Mais les tragédies personnelles se mêlent à celles des conflits qu’elle couvre et aux deuils qu’elle subit. Elle est dévastée par le suicide de son frère qu’elle apprend par télégramme alors qu’elle est à Saigon. Suite à ce décès, elle coupe les ponts avec sa mère qu’elle ne reverra pas jusqu’à la mort de cette dernière. Pour surmonter cette épreuve elle partira pour le Liban en guerre. Depuis lors, elle s’est toujours tenue prête à partir, à capturer dans son objectif les conflits (en Irlande du Nord, dans le Sahara occidental, en Afghanistan, au Kosovo…) jusqu’en Irak en 2003, son dernier reportage.

Le jour de l’enterrement d’Huguette, elle fait la connaissance de son futur compagnon, Philippe Warner, admirateur inconditionnel de sa mère. Une rencontre à l’image de son existence, entre deuil et pulsion de vie. C’est donc grâce à lui, et à l’ami commun Philippe Vallois et ses vidéos, que Christine a renoué avec sa mère après sa mort.
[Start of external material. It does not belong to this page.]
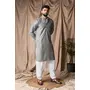 Grey Color Rayon Fabric Festive Wear Ethnic Men's Embroidered Kurta Payjama

Et si ses photos témoignent de "la face obscure du monde", elle s’est mis à exorciser les traumatismes de guerre, en réalisant des photomontages de couleurs vives comme autant d’offrandes à la vie lui permettant d’affronter son lourd passé familial. Ces réalisations dédiées à ses disparus, faits de coquillages, de bijoux, de tissus colorés traduisent une forme de réconciliation avec le Surréalisme auquel l’avait initiée sa mère. Philippe Warner va encourager ce retour à la couleur. Elle retourne encore sur le terrain et photographie le conflit du Kosovo et la jungle de Calais. Parallèlement, elle décide d’écrire son autobiographie Une femme dans la guerre.
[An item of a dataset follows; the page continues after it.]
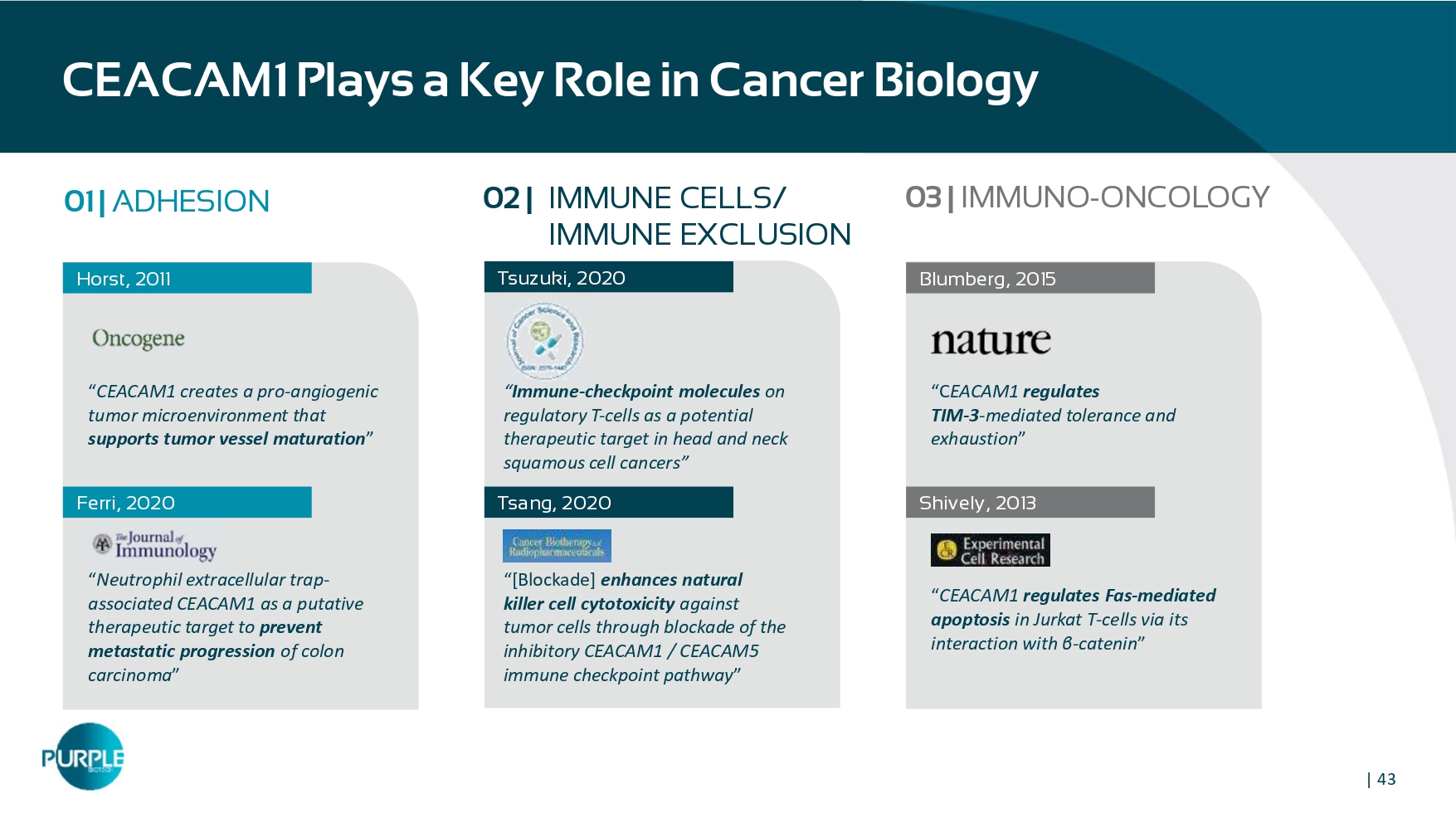 | 43 CEACAM1 Plays a Key Role in Cancer Biology 01 | ADHESION Horst, 2011 “ CEACAM 1 creates a pro - angiogenic tumor microenvironment that supports tumor vessel maturation ” “ Neutrophil extracellular trap - associated CEACAM 1 as a putative therapeutic target to prevent metastatic progression of colon carcinoma ” Ferri , 2020 Tsuzuki, 2020 Tsang, 2020 Blumberg, 2015 “ C EACAM 1 regulates TIM - 3 - mediated tolerance and exhaustion ” “ CEACAM1 regulates Fas - mediated apoptosis in Jurkat T - cells via its interaction with β - catenin ” Shively, 2013 02 | IMMUNE CELLS/ IMMUNE EXCLUSION 03 | IMMUNO - ONCOLOGY “ Immune-checkpoint molecules on regulatory T-cells as a potential therapeutic target in head and neck squamous cell cancers” “ [Blockade] enhances natural killer cell cytotoxicity against tumor cells through blockade of the inhibitory CEACAM 1 / CEACAM 5 immune checkpoint pathway ”

Le documentaire est construit a‡vec fantaisie et créativité, distance et humour à l’image de Christine. Avec l’idée d’un film en train de se faire, il entremêle ses interventions devant la caméra, ses confidences émouvantes, celles d’Huguette sa mère et parfois celles de Philippe Warner ainsi que des incursions et la voix off du réalisateur, avec des animations, d’après photos et vidéos qui tiennent lieu d’archives cinématographiques. Ils constituent les jalons d’un parcours en première ligne de la vie.

Anita Linskog

Jocelyne Sauvard

écrivaine et biographe.

 

Le film de Philippe Vallois Les guerres de Christine S. projeté au cinéma Saint-André des Arts, est un film rare, bâti avec maestria par ce cinéaste-scénariste innovant et pudique qui sait nous faire vivre à la fois la vie d'Huguette Spengler, artiste surréaliste et mère de Christine, et la réalité de la guerre d' Irlande, du Tchad, du Sahara occidental, du Vietnam, du Cambodge, que la correspondante de guerre a couvert depuis les seventies, et qu'elle restitue avec son Nikon, sa force, et son indépendance. De séquence en séquence depuis le front et les villages où combattants, femmes et enfants luttent contre la mort, elle nous raconte la vie dans ce qu'elle a de plus tragique, et par ailleurs la beauté des lieux et de  l'humanité, écho de ce qui se déroule aujourd'hui dans le monde. Coup de chapeau à Christine Spengler et Philippe Vallois.